Хотя…были и ярые противники поэтического влияния на излишнюю чувственность народа. К примеру, еще древнегреческий, а следовательно, языческий философ Платон, предлагал изгонять трагедийных поэтов из достойных городов, а , спустя века, своемудрый католический каноник из романа М. Сервантеса «О славном рыцаре Дон-Кихоте Ламанчском», согласный с Платоном, сетовал на размягчение мозга от любовных стишков – да много их было, всех не перечислить, особенно, критиков, насквозь прокопченных кострами инквизиции. Например, критики, увидевшие в Петрарке первого лирика христианской эпохи, писали, что в поэзии «Данте возвышается <...> как гигант среди пигмеев» или что «Петрарка гораздо менее поэт, чем Данте».
     Поневоле задаёшь себе вопрос о сегодняшней значимости Петрарки в нашей литературе, не сыгравшей почти никакой практической роли в её формировании.
К нашей культуре также не имели никакого отношения ни трубадуры, ни миннезингеры, в суровые рыцарские времена протоптавшие копытами коней Крестоносцев широкую магистраль любовной лирики, посвященной прекрасной Даме и (вероятно) создавшие культ тамплиерской или скандинавской(?) черной Девы Марии, хотя они могли уже спокойно спать в своих безвестных могилах: проторенная ими дорога не пустовала.
    Наследовав светскую религию в виде поклонения Даме как сообразу земной Мадонны, предшественники и современники Петрарки тоже выбирали себе объект для куртуазной любви и восхваляли её, соревнуясь в преданности и безбрачии. Так, была встречена Дантом Беатриче, а Петраркой – прекрасная Лаура, исходящая из рода де Садов, давших миру известного маркиза.
    У нас властвовал «Домострой». Для нашего сурового климата, полумонашеской религии и патриархального устройства семьи любые мечтания были неприемлемы и осуждались как дьявольское наваждение и блуд.
А тут – медитация на образе возлюбленной длиною в жизнь –  разве не поэтические, читай – пустые, мечтания?
    У нас не рассматривался повод воспринять любовь к смертной женщине как небесный дар без морализаторства и библейских цитат, как повод возблагодарить Творца за счастье влюблённого почувствовать в этой жизни чертоги Рая на земле. Увы!
    Так что Россия оказалась практически свободной от этого влияния. Разве что редкие переводы одного-двух сонетов или канцон Петрарки с немецкого или французского освежали нашу полоническую силлабо-тонику, да «Шекспеар» и поэма Торквато Тассо о крестоносцах. 
   Даже такие просвещенные поэты, как Антиох Кантемир и Василий Тредиаковский не увлеклись Петраркой. Даже вездесущий Ломоносов. Подражание написал однажды лишь Сумароков.  Видимо, не пристало в северной нашей культуре столь восторженно относиться к понравившейся женщине, тем более публично исповедоваться.

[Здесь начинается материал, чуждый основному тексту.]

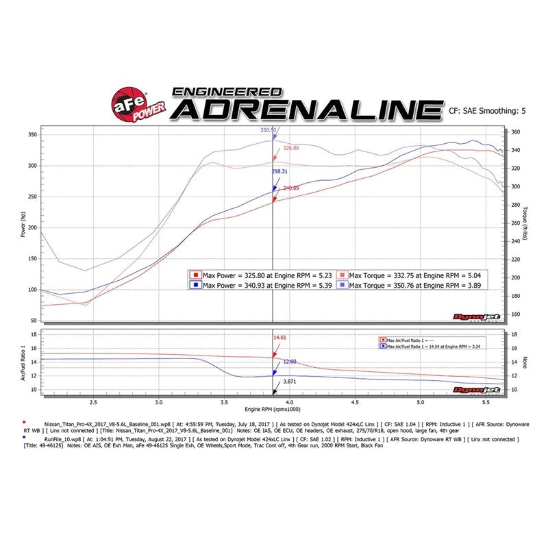 aFe tests its systems on the flow bench and the dynamometer to determine the right pipe size and muffler construction. Then they mandrel bend the pipes to ensure they maintain their shape and size throughout the entire length, to provide smooth, unrestricted airflow. Tubes that are not mandrel bent can lose up to 20% of their diameter in sharp bends. Some systems also include a straight muffler delete pipe if a more aggressive sound and maximum flow is desired. A typical aFe system will increase exhaust flow by up to 29% and lower EGT (Exhaust Gas Temperature) by up to 100 , with a corresponding improvement in power and performance.

      Пушкин (наше всё) отдавал предпочтение Ариосту и Тассо, а, выбирая между Дантом и Петраркой, предпочитал Данта. И если мы заговорим здесь о русских петраркистах, то будем иметь в виду лишь первых переводчиков. Первым среди них называют Константина Батюшкова, переложившего канцону, сонет и некоторую прозу Петрарки, а также, опубликовавшего небольшую статью о нём.
Но раньше Батюшкова имя Петрарки назвал Ив. Дмитриев (конец 18 века) и несколько сонетов с французского переложил Г. Державин. Пусть подражательно и чересчур свободно, но Батюшков передал сонет Петрарки,  прочувствовав всю глубину трагедии неразделенной любви поэта. Хотя в то же время и Иван Крылов, (да, да, известный баснописец!) в своих посмертных бумагах тоже имел свободный перевод сонета Петрарки, неопубликованный им при жизни.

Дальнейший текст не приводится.